Threshold laws in (multiple) ionization processes

(with J.M. Rost)

In ionization processes where three or more charged particles end up in the continuum, the mutual influence those particles exert on each other due to the Coulomb interaction and its consequences for the fragmentation behavior is of interest. Naturally, these interaction effects are least pronounced in the limit of high energies, where they can be treated perturbatively. On the other hand, when (in the case of ionization by charged particle impact) the projectile is very slow, all particles have to be treated on an equal footing. Nevertheless, Wannier showed as early as 1953 in a seminal paper that exactly in this low energy limit certain aspects of the behavior of the ionization cross sections can be treated analytically. Originally, the idea that the 'threshold law', i.e. the energy dependence of the cross section at threshold, is relatively easier to treat than the whole cross section, goes back to Wigner who applied it to two-particle break-up processes for different kinds of interaction potentials.
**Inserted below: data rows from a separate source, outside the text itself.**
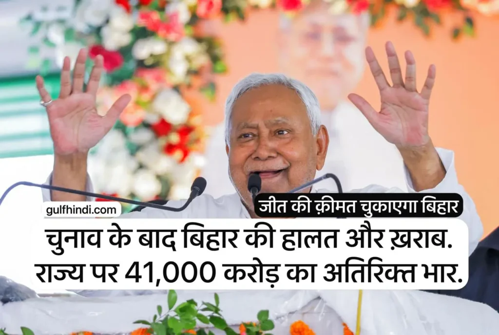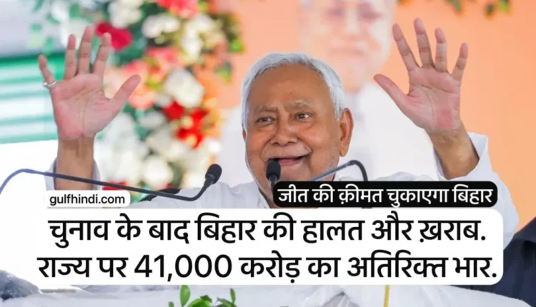 बिहारमधील विजयाने ४१ हजार कोटींचा बोजा वाढला, निवडणुकीतील आश्वासने करदात्यांच्या खिशाला रिकामी करणार आहेत.
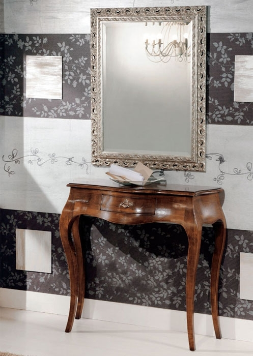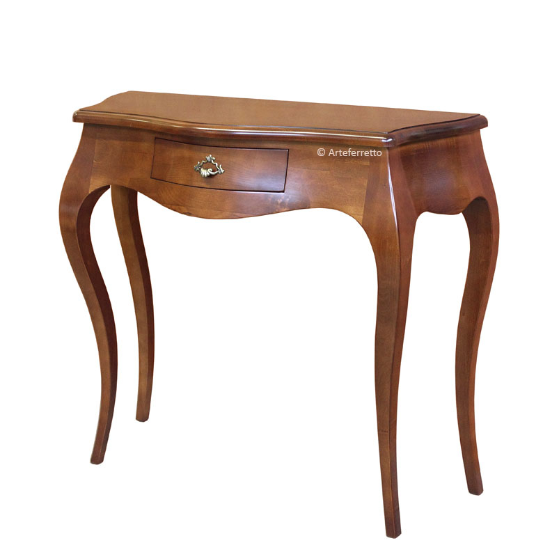 Schwarzer Konsolentisch 2 Schubladen, sehr schön mit einer profilierten Linie.Die Struktur ist schlicht und elegant, perfekt für jede Wohneinrichtung, z.B. mit einem Spiegel, einem Bild, usw.Das Möbel hat 2 Schubladen. Der Farbton ist auf dem Bild Schwarz antik: die Basis ist aus Kirschholz, dann wird die Schwarzlackierung gemacht und danach ist die Schleifung des Farbtons der Möbelkanten. Das Möbel ist also Schwarz und auch Kirschholz in den Kanten und im Inneren.Schwarzer Konsolentisch 2 Schubladen ideal für Wohnzimmer, Flur, Wartehalle, usw.Bei der Lieferung ist es schon montiert.Maße:Breite 96 cm;Höhe 80,5 cm;Tiefe 41 cm.
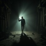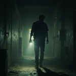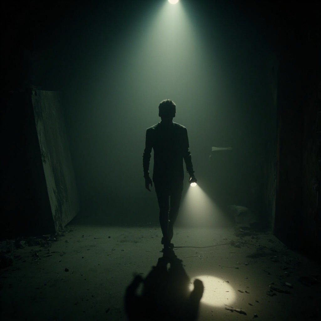 OThe camera represents a real human point of view walking slowly inside the same location. Movement is grounded and realistic: subtle vertical bob from footsteps, gentle side-to-side sway, imperfect handheld motion. The viewer is holding a flashlight; the beam reacts naturally to walking and turning with delayed movement, small overcorrections, uneven scanning. The character remains completely still and lifeless: no animation, no blinking, no breathing, no movement. Only environmental motion: floating dust, minimal light flicker, very subtle movement of loose elements. The environment stays consistent the whole shot: no set changes, no teleporting, no new objects. Photorealistic video, found-footage realism, handheld walking camera, low light, strong shadows, gritty textures, natural imperfections.
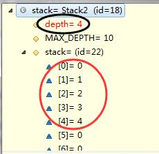 }这种实现方式有个问题,在pop方法中,只是单纯的移动了指针,相当于从堆栈中删除了该元素,其实并没有做到真正删除。虽然也可以实现简单的堆栈功能,但会产生如图所示的现象:
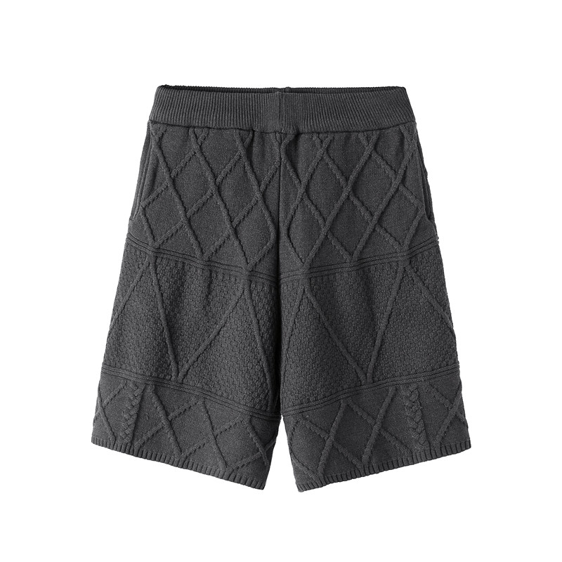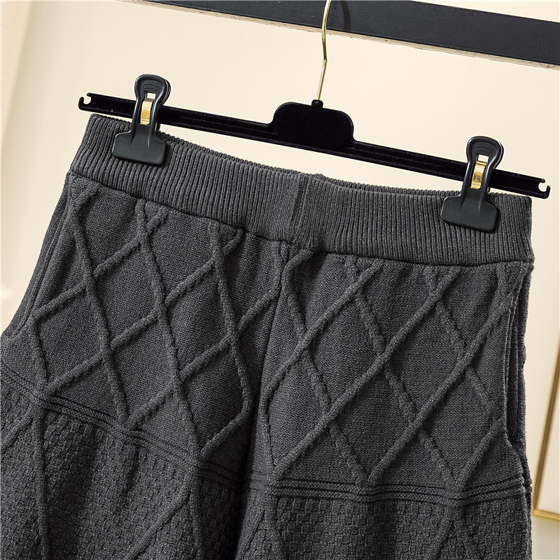 Knitted wool shorts women's autumn and winter 2021 new thickened outer wear black pants loose high waist thin boot pants

Wannier applied this idea to the case of three particles (two electrons and a nucleus, i.e. double photoionization or single ionization by electron impact) and derived the threshold law in the form of a power law with an exponent slightly larger than one, the exact value depending on the charge of the remaining nucleus. This threshold law has been generalized in the following decades to single ionization processes by impact of other charged projectiles (protons, antiprotons, positrons, ...), to the case of nucleus plus three electrons, and finally as late as 1998 to threshold theories for general break-up processes into N charged particles by Kuchiev and Ostrovsky and by ourselves. Thereby, we could make clear the meaning of the threshold exponent as the instability of a fixed point in a reduced phase space. Recently, we also formulated the threshold law for dipole interactions [2].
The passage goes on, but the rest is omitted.